Retype every line from the one containing "Armor stone retaining wall with gardens" through the last line of the records below, both included; leave out the pictures.
= Beginning of Section =
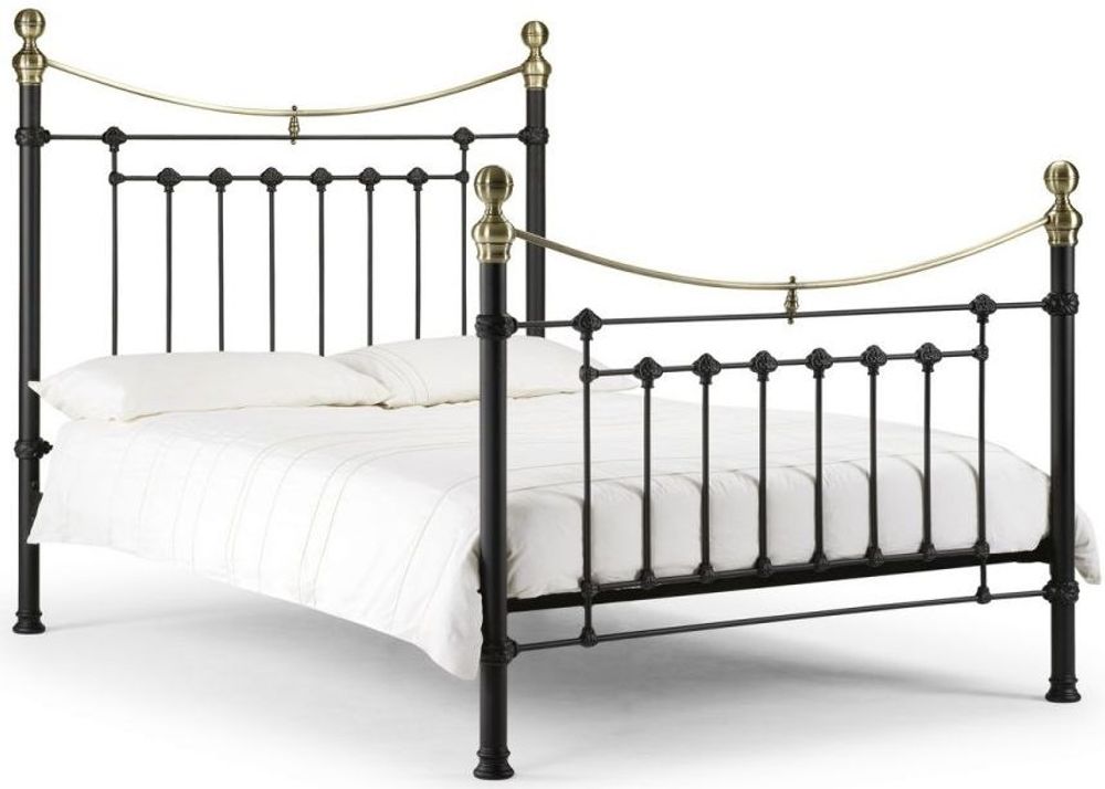 This is a traditional, Victorian inspired bedstead with attractive brass embellishments in a powder coated steel satin black finish. The Victoria is an imposing bed with a striking high headboard and matching footboard, whose timeless style complements a wide range of interior styles. A sprung slatted base ensures a comfortable night's sleep and prolonged mattress life. Available in 90cm, 135cm and 150cm sizes.
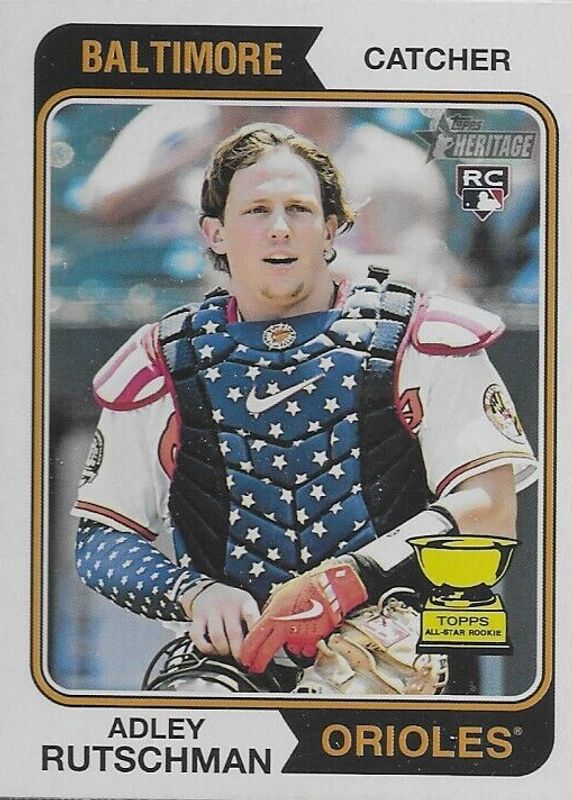 The Adley Rutschman 2023 Topps Heritage #7 Image Variation (Catcher's Gear) Rookie card in Raw condition has not changed in price in the last 30 days and was last sold for $18.99 .
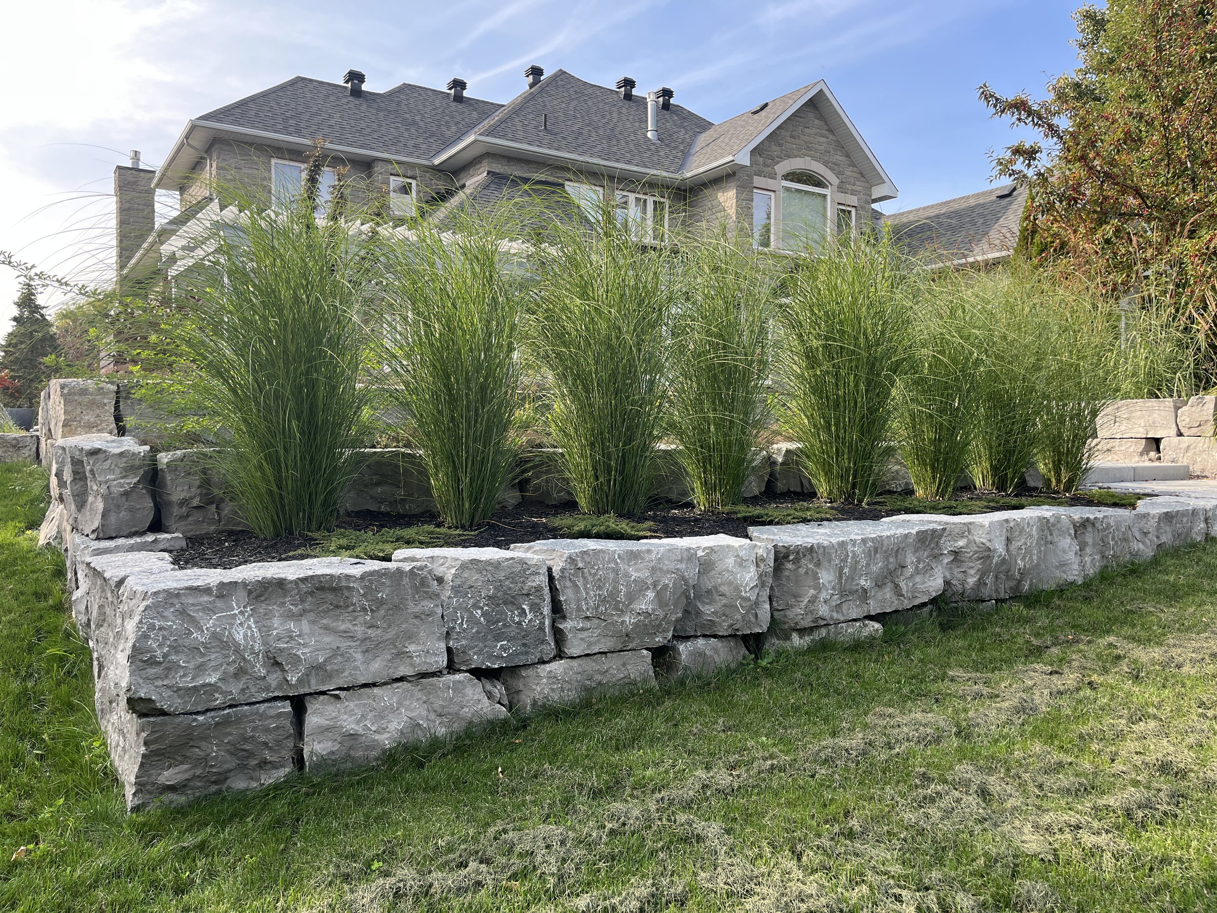 Armor stone retaining wall with gardens
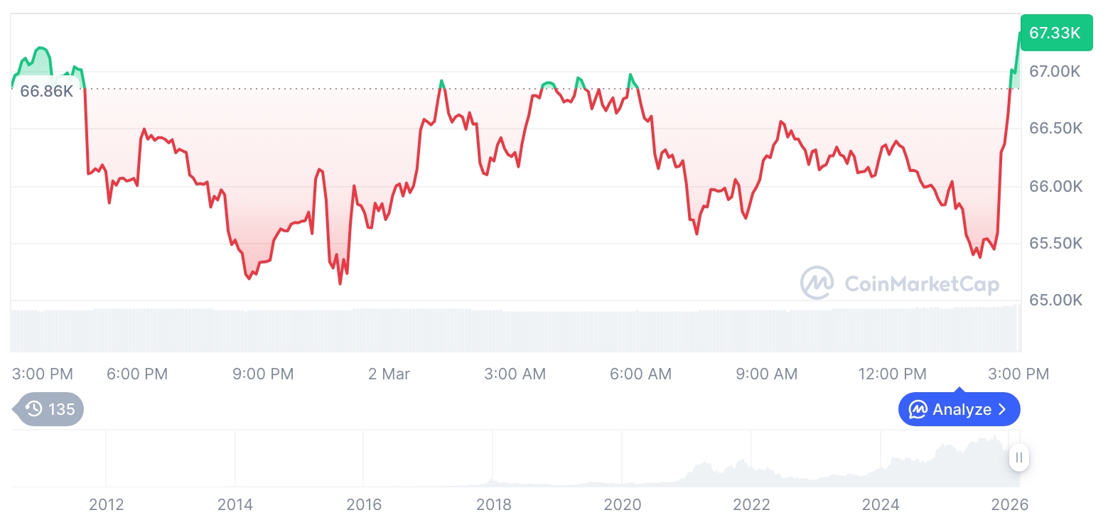 山寨币逆势突围,一周涨幅突破两位数 过去一周,包括Near Protocol、Polkadot和Jupiter在内的多个山寨币实现两位数涨幅,表现大幅领先比特币。在比特币尝试复苏后,交易者开始转向波动性更高的资产类别。数据显示,Near Protocol过去七日上涨19.4%,Polkadot涨幅达16.5%,Jupiter亦攀升15.8%。 相比之下,同期比特币价格基本持平。受地缘政治局势影响,比特币于2月28日跌至63176美元低点,随后回升4.7%,目前徘徊在66100美元附近。此次市场分化正检验着山寨币能否在没有比特币引领的情况下保持上涨动能。 技术性反弹与市场情绪背离 尽管加密货币生山寨币表现超越比特币 周涨幅双双破十1 小时前
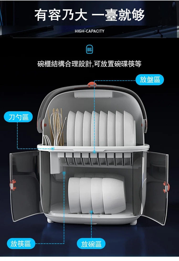 11分鐘前智能家用碗碟收納瀝水紫外線消毒密封雙層碗櫃 - 一入組NT$1398 NT$ 1398
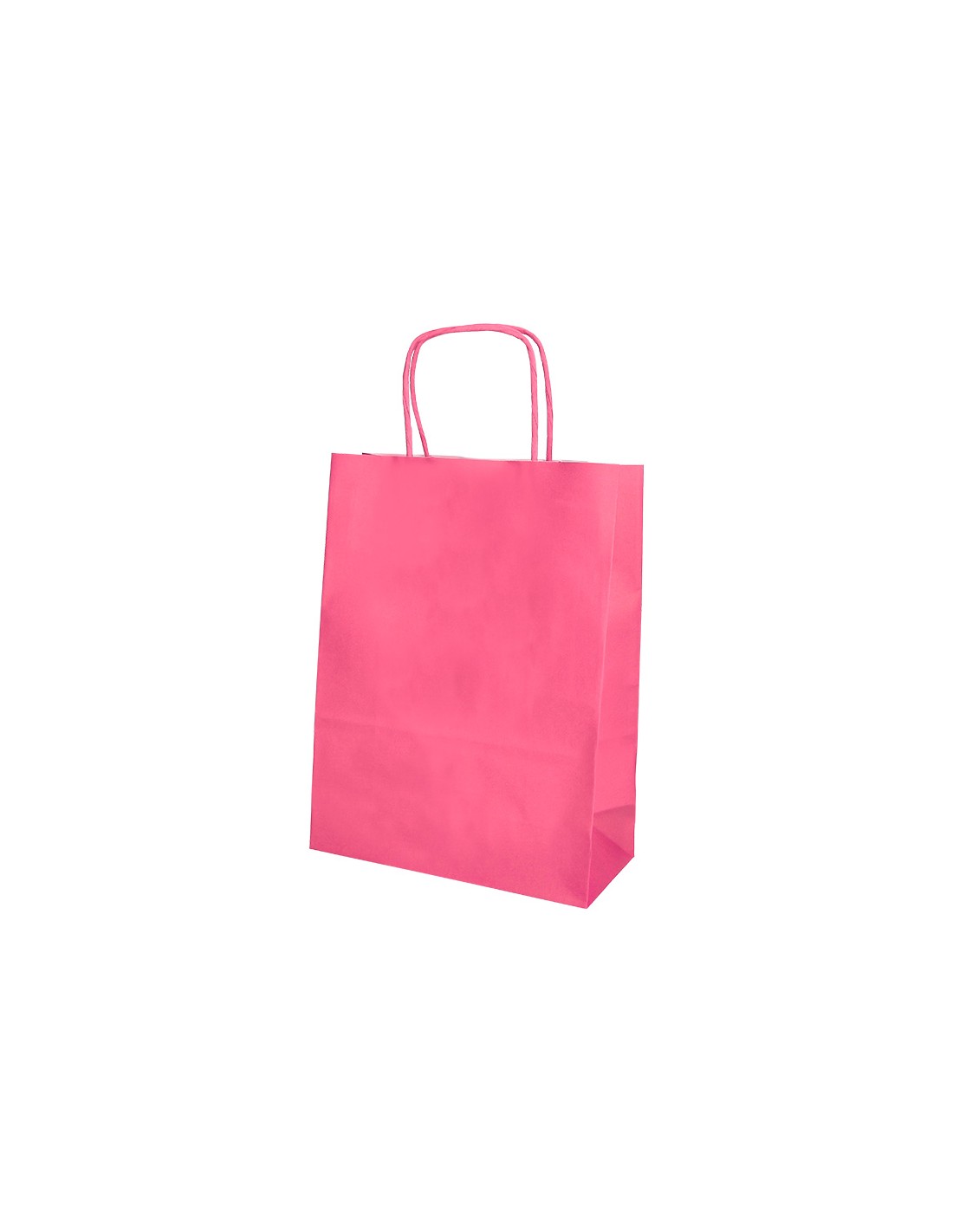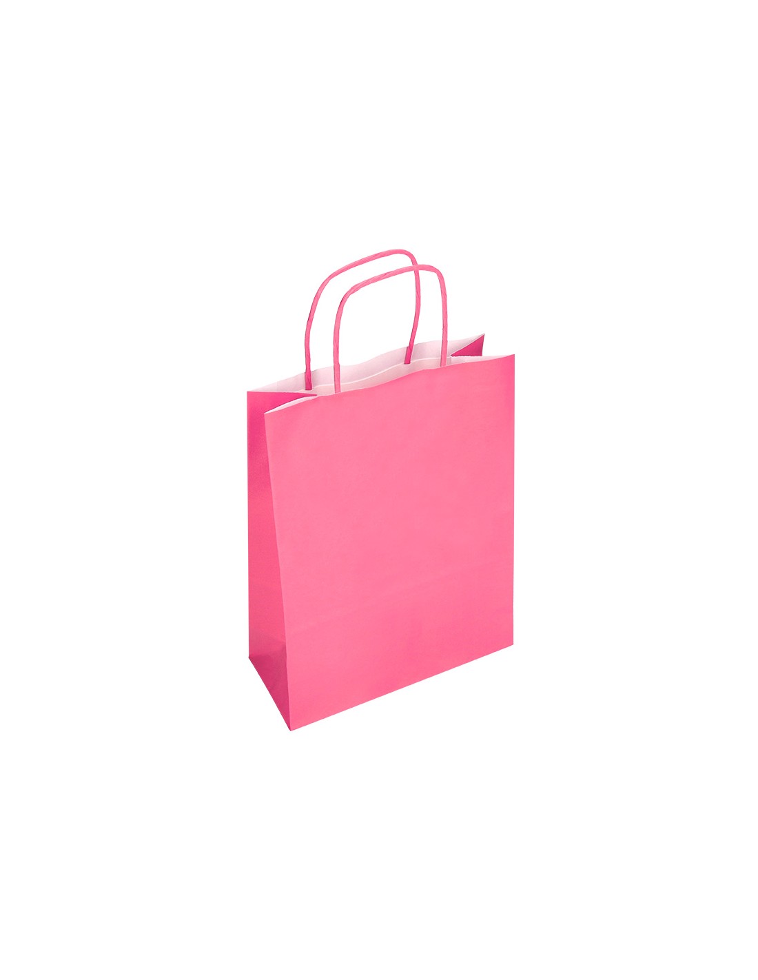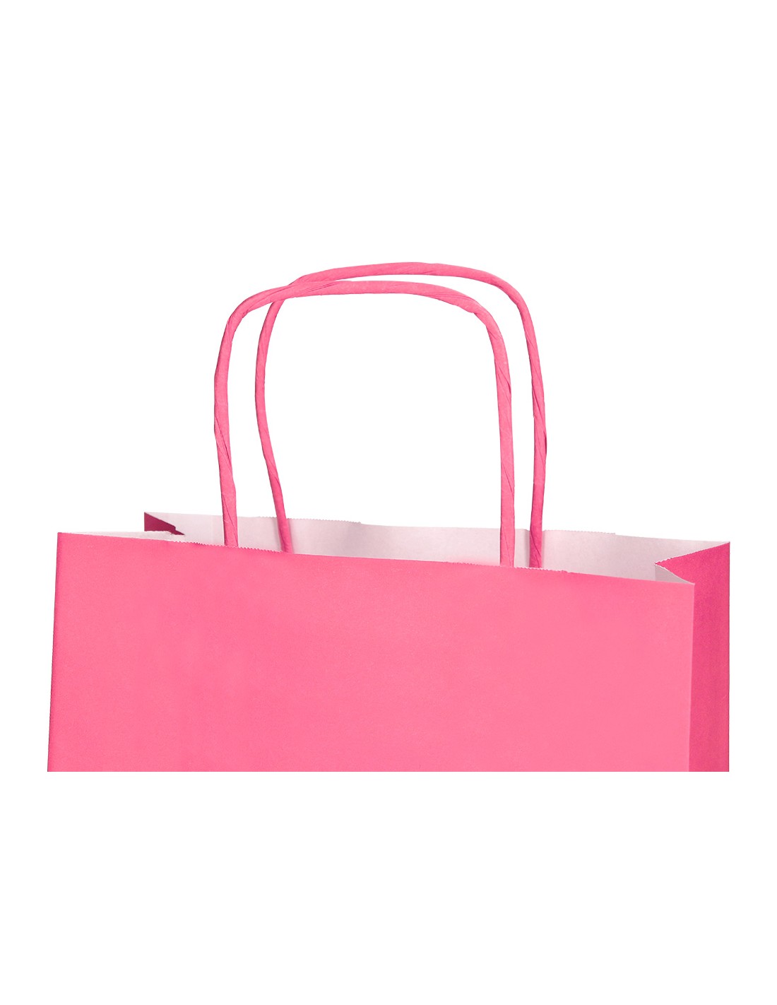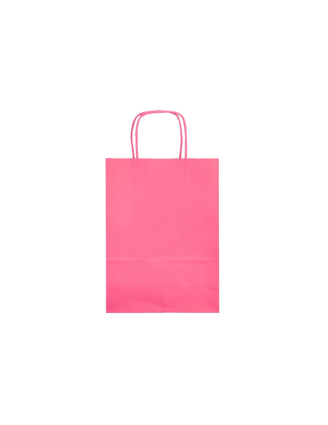 Bolsa de papel con asa retorcida celulosa XS rosa 180x80x240 mm. Paquetede 25 unidades.
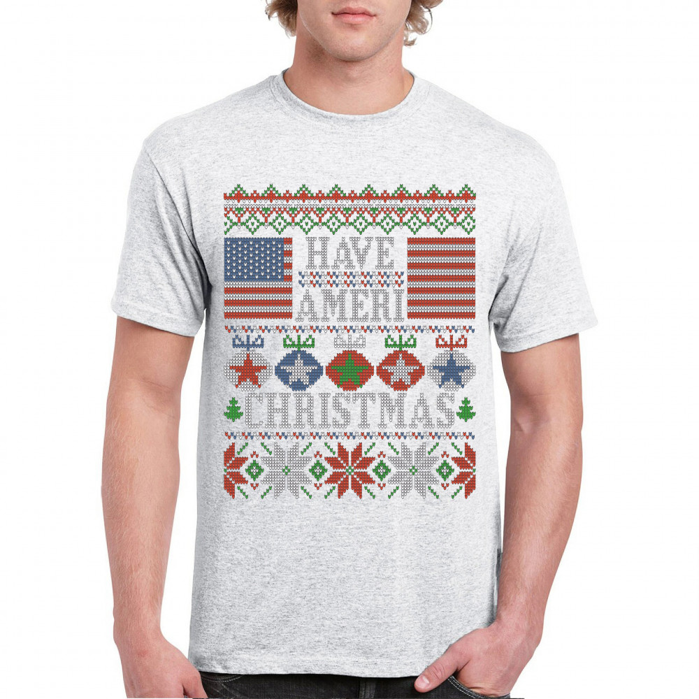 HAVE AMERI CHRISTMAS t-shirt american flag ugly sweater patriotic men's tee ash gray
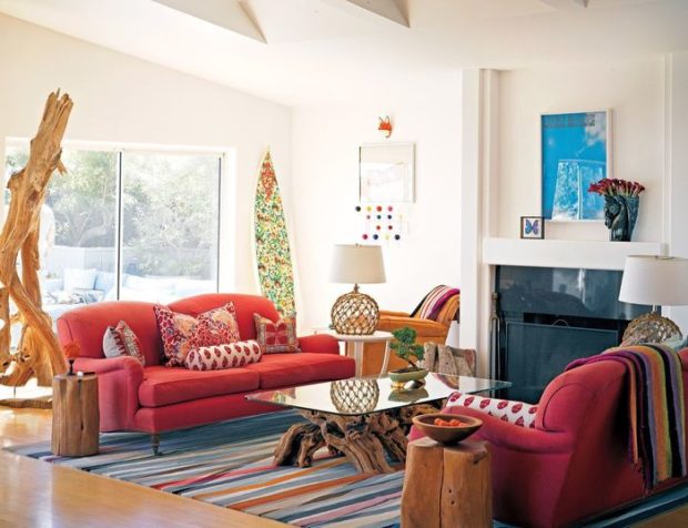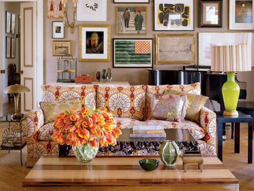 La principale chose dans le salon est un mobilier confortable et confortable. Vous ne pouvez pas vous passer d'un canapé avec un rembourrage coloré, ainsi que d'une montagne d'oreillers. Vous pouvez compléter le coin doux avec des fauteuils et poufs, un cadre avec un tapis lumineux et inhabituel une table basse. En tant que meuble d'armoire, vous pouvez utiliser des éléments vintage. N'oubliez pas les nappes, les couvre-lits, les rideaux et les rideaux, les objets rares, les objets de famille, vos propres collections, les souvenirs de voyage et les objets faits à la main. S'il n'y a pas de peintures écrites personnellement, vous pouvez décorer les murs avec vos toiles préférées, qu'il s'agisse d'une reproduction d'une peinture d'un artiste de la Renaissance ou d'une abstraction vivante.
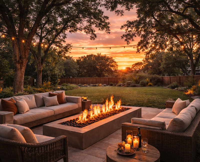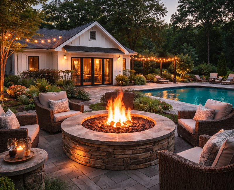 Fire features provide warmth, allowing you to enjoy your backyard during cooler evenings and colder months.
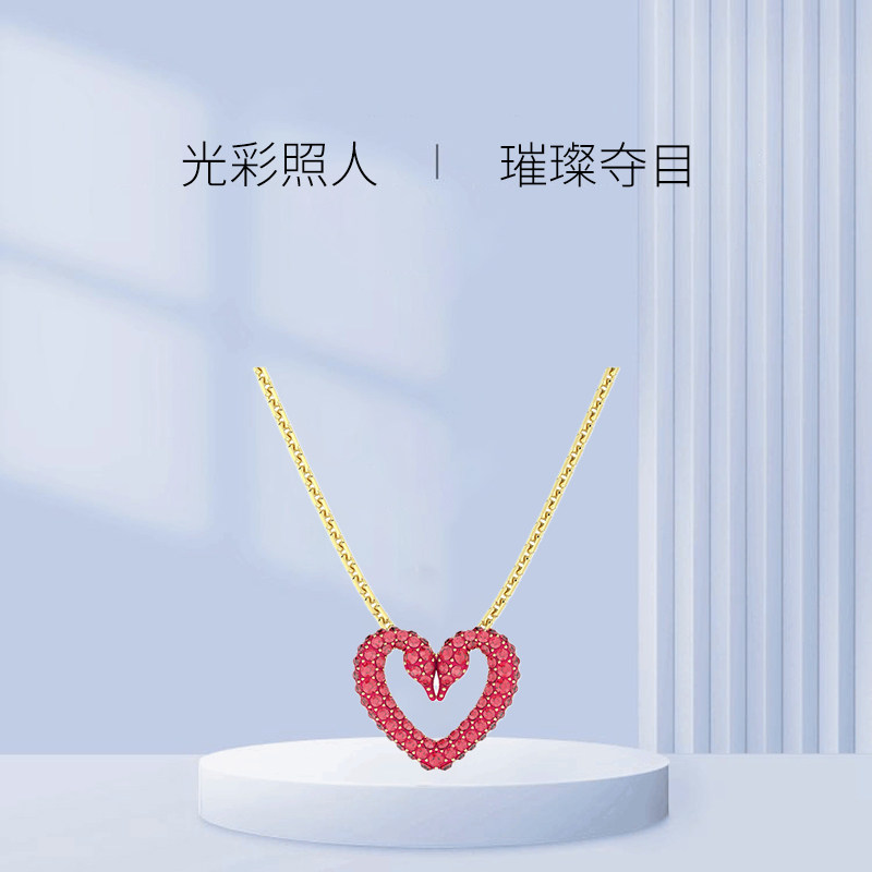 【自营】Swarovski/施华洛世奇Una密镶心形双天鹅链坠小码项链
= End of Section =
#### Finished exercise
 Armor stone retaining wall with gardens
 山寨币逆势突围,一周涨幅突破两位数 过去一周,包括Near Protocol、Polkadot和Jupiter在内的多个山寨币实现两位数涨幅,表现大幅领先比特币。在比特币尝试复苏后,交易者开始转向波动性更高的资产类别。数据显示,Near Protocol过去七日上涨19.4%,Polkadot涨幅达16.5%,Jupiter亦攀升15.8%。 相比之下,同期比特币价格基本持平。受地缘政治局势影响,比特币于2月28日跌至63176美元低点,随后回升4.7%,目前徘徊在66100美元附近。此次市场分化正检验着山寨币能否在没有比特币引领的情况下保持上涨动能。 技术性反弹与市场情绪背离 尽管加密货币生山寨币表现超越比特币 周涨幅双双破十1 小时前
 11分鐘前智能家用碗碟收納瀝水紫外線消毒密封雙層碗櫃 - 一入組NT$1398 NT$ 1398
 Bolsa de papel con asa retorcida celulosa XS rosa 180x80x240 mm. Paquetede 25 unidades.
 HAVE AMERI CHRISTMAS t-shirt american flag ugly sweater patriotic men's tee ash gray
 La principale chose dans le salon est un mobilier confortable et confortable. Vous ne pouvez pas vous passer d'un canapé avec un rembourrage coloré, ainsi que d'une montagne d'oreillers. Vous pouvez compléter le coin doux avec des fauteuils et poufs, un cadre avec un tapis lumineux et inhabituel une table basse. En tant que meuble d'armoire, vous pouvez utiliser des éléments vintage. N'oubliez pas les nappes, les couvre-lits, les rideaux et les rideaux, les objets rares, les objets de famille, vos propres collections, les souvenirs de voyage et les objets faits à la main. S'il n'y a pas de peintures écrites personnellement, vous pouvez décorer les murs avec vos toiles préférées, qu'il s'agisse d'une reproduction d'une peinture d'un artiste de la Renaissance ou d'une abstraction vivante.
 Fire features provide warmth, allowing you to enjoy your backyard during cooler evenings and colder months.
 【自营】Swarovski/施华洛世奇Una密镶心形双天鹅链坠小码项链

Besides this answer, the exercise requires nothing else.